Sonra sololar bölümünde Eda Karaytuğ "Bülbül Kasidesi"ni söylemeye başlayınca, yine eski yıllara takıldım.
Bülbül Kasidesi'ni ilk kez rahmetli Bülbül Hoca'dan (İsmail Doruk) dinlemiştim.
Sonra Mine Koşan'ın yorumuna takıldım.
Çile bülbülüm çile
Şimdi bu yazıyı yazarken de iPodumdaki "Bülbül"lü şarkı, türkü ve besteleri dinliyorum.
Böylece bazılarını yakından tanıdığım, bazılarına da uzaktan hayranlık duyduğum yorumcularla birlikte bayram yaşıyormuşuz gibi hissediyorum kendimi.

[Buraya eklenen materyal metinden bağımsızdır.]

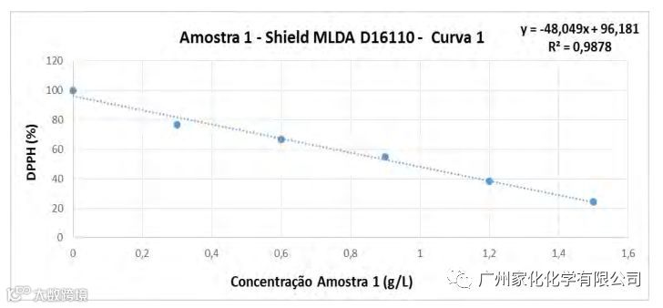 实验表明,1 kg 产品的抗自由基作用相当于9.50 g水溶性维生素E类似物(trolox)。

Mesela sevgili Alaeddin Yavaşça'dan kendi bestesi "Artık bu solan bahçede bülbüllere yer yok"u, özlemle andığım Bekir Sıtkı Sezgin'den Dede Efendi'nin "Bu gece ben yine bülbülleri hamuş ettim" ini, kristal sesli İnci Çayırlı'dan Emin Ongan'ın "Bülbül gibi her şam-ı seher nalelerin var"ını, baba evimin devamlı konuğu Münir Nurettin Selçuk'tan Lemi Atlı'nın "Bülbül-i şeydaya döndüm"ünü, sesine de sohbetine de doyamadığım Necmi Rıza Ahıskan'dan Zekai Dede'nin "Bülbül gibi pür oldu cihan nağmelerinden"ini dinliyorum.
Yazının sonuna gelirken eşsiz yorumcu Tülün Korman, Hacı Arif Bey'in "Bülbül yetişir bağrımı hûn etti figanın"ı söylüyordu. Arkasından da Aşık Veysel'den "Bülbül" ü dinleyecektim:
"Ötme bülbül ötme
Derdi derde katma
Bir dert de sen etme
Benim derdim bana yeter"
Siz sayın okurlarıma mutlu, bir bayram diliyorum.